Starting MySQL Enterprise agent service... [ OK ]
0
The initscript looks at the pid file to determine if the agent started and see it there so it's successful (and returns 0).
Upon closer inspection, we see that indeed the agent did briefly start up but died right away due to the bad "user" parameter:
2010-07-21 17:58:22: (critical) MySQL Monitor Agent 2.2.1.1717 started.
2010-07-21 17:58:22: (critical) unknown user: foasfoassaf
2010-07-21 17:58:22: (critical) mysql-monitor-agent-cli.c:545: Failure from chassis_mainloop. Shutting down.

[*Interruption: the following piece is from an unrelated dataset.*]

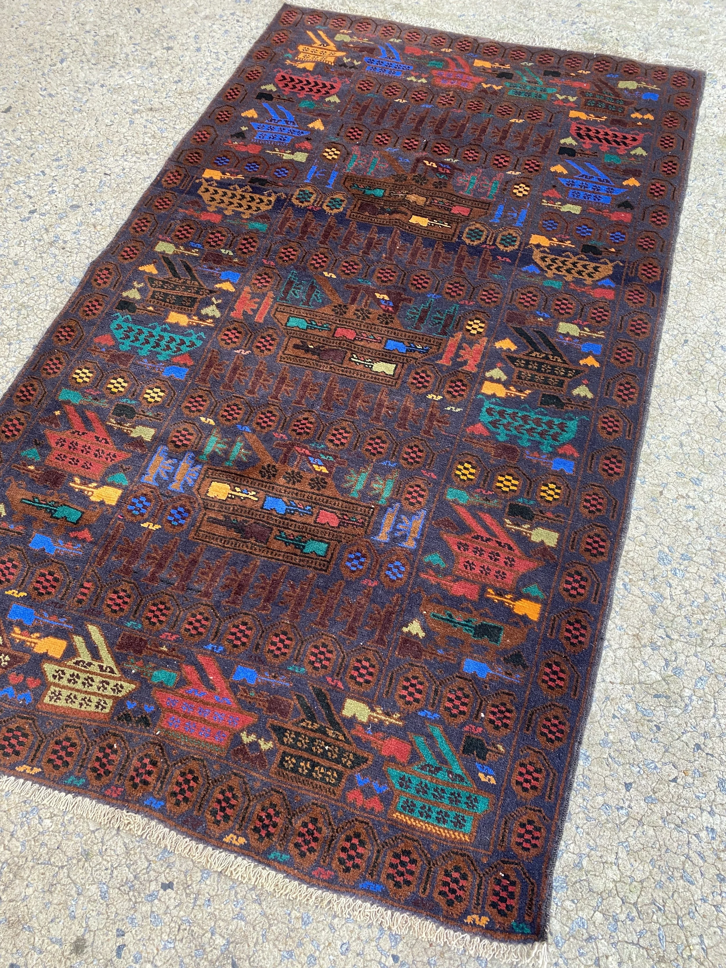Vintage Afghan Balouch War Tank Rug. Beautifully hand knotted with vegetable dyes. Wool. Very good condition. Condition visible in photos.

2010-07-21 17:58:22: (critical) network-io.c:312: successfully reconnected to dashboard at http://agent:pass@localhost:18080/heartbeat
The pid file is also never removed:
shell> cat /opt/mysql/enterprise/agent/mysql-monitor-agent.pid; echo
24064
shell> ps auxf | grep $( cat /opt/mysql/enterprise/agent/mysql-monitor-agent.pid )
root 24090 0.0 0.0 61196 716 pts/2 S+ 18:13 0:00 | \_ grep 24064
Suggested fix:
1) Remove the pid file gracefully (in case of error starting up, remove it)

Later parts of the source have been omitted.